A generation means for generating the candidate information indicating the new group from the candidates extracted by the extraction means is further provided.
The reception means
Display means for displaying the candidate information and
It has an input means for acquiring the additional information input by the user.
The diagnostic system according to claim 1.
The generation means generates a plurality of subgroups in which data belonging to one group is classified, which is data excluded from the extraction by the extraction means.
The learning means learns the new model including the plurality of subgroups.
The diagnostic system according to claim 2.
The receiving means receives an instruction to change the group to which the data excluded from the extraction by the extracting means belongs.

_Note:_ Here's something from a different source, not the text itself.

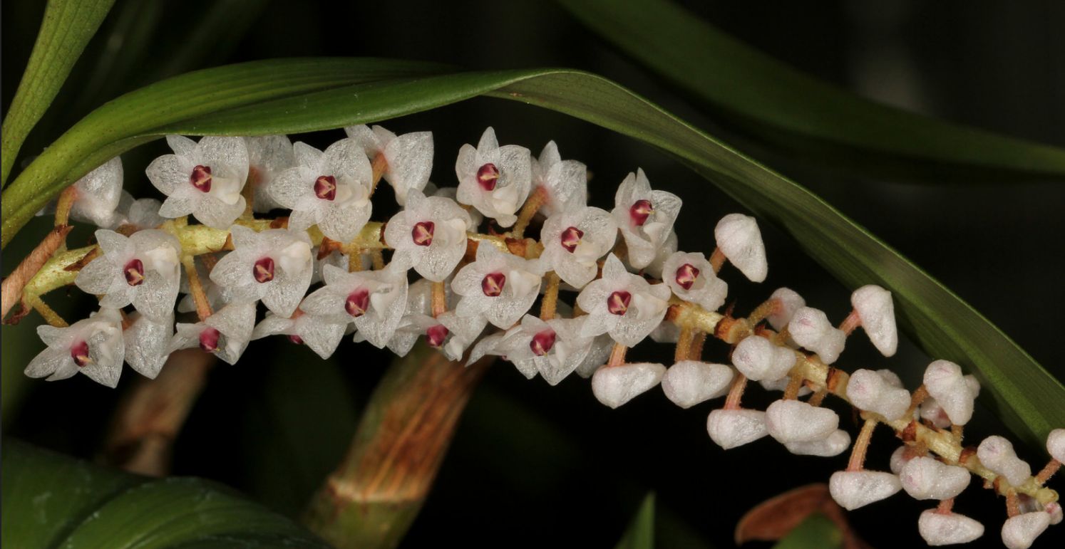Found in Myanmar, penninsular Thailand, Vietnam, Malaysian penninsula, Sumatra, Java, Borneo and the Philippines in primary montane forests as a small to medium sized, warm to cold growing epiphyte on large trees along streams at elevations of 500 to 2400 meters with erect, stem-like, narrowly ellipsoid pseudobulbs carrying 2 to 5, apical, linear-lanceolate to elliptic, acute, soft leaves that blooms in the spring on an axillary, 8" [20 cm] long, densely many flowered, racemose inflorescence that arise, several at a time, from the nodes on the upper half of the pseudobulb.

The learning means learns the new model from the data in which the group to which the instruction belongs is changed.
The diagnostic system according to any one of claims 1 to 3.

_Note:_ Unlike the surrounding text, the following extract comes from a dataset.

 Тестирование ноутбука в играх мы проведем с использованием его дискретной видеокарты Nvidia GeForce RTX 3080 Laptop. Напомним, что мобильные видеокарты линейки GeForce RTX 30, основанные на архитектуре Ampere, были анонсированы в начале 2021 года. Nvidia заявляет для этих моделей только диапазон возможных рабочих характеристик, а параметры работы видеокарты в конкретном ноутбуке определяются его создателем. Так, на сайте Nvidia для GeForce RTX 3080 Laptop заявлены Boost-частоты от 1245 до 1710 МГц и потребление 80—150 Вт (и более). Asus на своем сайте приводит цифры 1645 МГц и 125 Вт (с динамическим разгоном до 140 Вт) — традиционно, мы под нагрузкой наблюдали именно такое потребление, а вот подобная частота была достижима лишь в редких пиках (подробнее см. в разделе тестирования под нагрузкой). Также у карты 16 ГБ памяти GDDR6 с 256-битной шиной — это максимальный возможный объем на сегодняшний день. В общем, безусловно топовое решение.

A plurality of diagnostic devices for diagnosing the presence or absence of abnormalities using the model,
A learning device that learns the model and
It is a diagnostic system equipped with
Each of the diagnostic devices
A collection means for collecting the collected data at the factory,
With the diagnostic means,
The learning device is
The extraction means for extracting the candidate from the collected data collected by the plurality of diagnostic devices, and the extraction means.
With the reception means
With the learning means
It has a transmission means for transmitting the new model learned by the learning means to the plurality of diagnostic devices.
The diagnostic means of the diagnostic device diagnoses the presence or absence of an abnormality by the new model transmitted by the transmission means.
The diagnostic system according to any one of claims 1 to 4.
It is a diagnostic method that diagnoses the presence or absence of abnormalities from the collected data.
A first diagnostic step of diagnosing the presence or absence of anomalies by classifying the collected data into any of the plurality of groups according to a model defining a plurality of groups.
An extraction step of extracting data candidates belonging to a new group different from the plurality of groups from the collected data, and
A reception step that provides candidate information regarding the candidate extracted in the extraction step and receives additional information indicating whether or not the new group should be added to the plurality of groups.
A learning step of learning a new model including the new group when the additional information indicating that the new group should be added to the plurality of groups is received in the reception step.
A second diagnostic step of diagnosing the presence or absence of an abnormality by the new model learned in the learning step,
Diagnostic methods including.
A computer that diagnoses the presence or absence of abnormalities from the collected data
A diagnostic means for diagnosing the presence or absence of abnormalities by classifying the collected data into any of the plurality of groups according to a model defining a plurality of groups.
An extraction means for extracting data candidates belonging to a new group different from the plurality of groups from the collected data.
A reception means that provides candidate information regarding the candidate extracted by the extraction means and receives additional information indicating whether or not the new group should be added to the plurality of groups.
When the additional information indicating that the new group should be added to the plurality of groups is received by the reception means, it functions as a learning means for learning a new model including the new group. ,
The diagnostic means is a program that diagnoses the presence or absence of an abnormality by the new model when the new model is learned by the learning means.